▶ [Available data]
○ ○ ○ ○

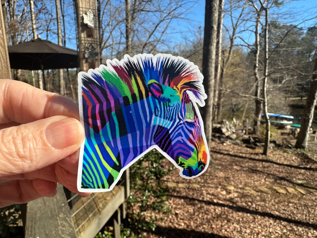 Sticker | 43C | Colorful Zebra | Waterproof Vinyl Sticker | White | Clear | Permanent | Removable | Window Cling | Glitter | Holographic
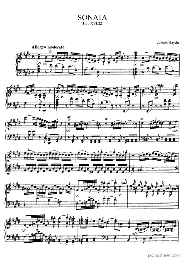 Sonata in E Major Hob. 16 No. 22 by Joseph Haydn. Sheet music and recordings of thousands of piano pieces by Joseph Haydn and many other famous composers to view in your digital device, print out or listen to.
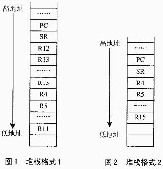 由于沒有中斷嵌套,在中斷處理中沒有別的中斷發生,那么返回的步驟和上述的進棧操作正好相反。在中斷處理完了以后,SP會自動回到圖4中③的SP位置。接著,系統會查詢到優先級最高的任務,然后把SP的指針移到優先級最高的任務的任務堆棧,進行 R15~R4的出棧工作,最后用RETI中斷返回指令返回到新的任務。因為我們把所有的任務堆棧都規定成相同的格式,所以它們之間不會產生問題。這里需要注意的是,因為系統在C編譯器的中斷處理中會對中斷進入時默認壓棧的寄存器出棧,所以在設計出棧的程序時,要先把這些內容壓棧,這樣才能正確出棧。
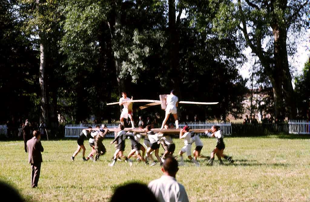 | Rugby Pentecôte 66 De gauche à droite : Bossuge JP, X, X, Soumet, Tarrat J., Juhan, Azema, Danoy, Marchal J., De Noblet, Monnet de Lorbeau, Marchal D., Escarguel D., Picquot, Lang, Tarrat G.

○ ○ ○ ○

▶ [Description of the task] Give back all the material exactly, with no pictures.

▶ [Response to the task]
 Sticker | 43C | Colorful Zebra | Waterproof Vinyl Sticker | White | Clear | Permanent | Removable | Window Cling | Glitter | Holographic
 Sonata in E Major Hob. 16 No. 22 by Joseph Haydn. Sheet music and recordings of thousands of piano pieces by Joseph Haydn and many other famous composers to view in your digital device, print out or listen to.
 由于沒有中斷嵌套,在中斷處理中沒有別的中斷發生,那么返回的步驟和上述的進棧操作正好相反。在中斷處理完了以后,SP會自動回到圖4中③的SP位置。接著,系統會查詢到優先級最高的任務,然后把SP的指針移到優先級最高的任務的任務堆棧,進行 R15~R4的出棧工作,最后用RETI中斷返回指令返回到新的任務。因為我們把所有的任務堆棧都規定成相同的格式,所以它們之間不會產生問題。這里需要注意的是,因為系統在C編譯器的中斷處理中會對中斷進入時默認壓棧的寄存器出棧,所以在設計出棧的程序時,要先把這些內容壓棧,這樣才能正確出棧。
 | Rugby Pentecôte 66 De gauche à droite : Bossuge JP, X, X, Soumet, Tarrat J., Juhan, Azema, Danoy, Marchal J., De Noblet, Monnet de Lorbeau, Marchal D., Escarguel D., Picquot, Lang, Tarrat G.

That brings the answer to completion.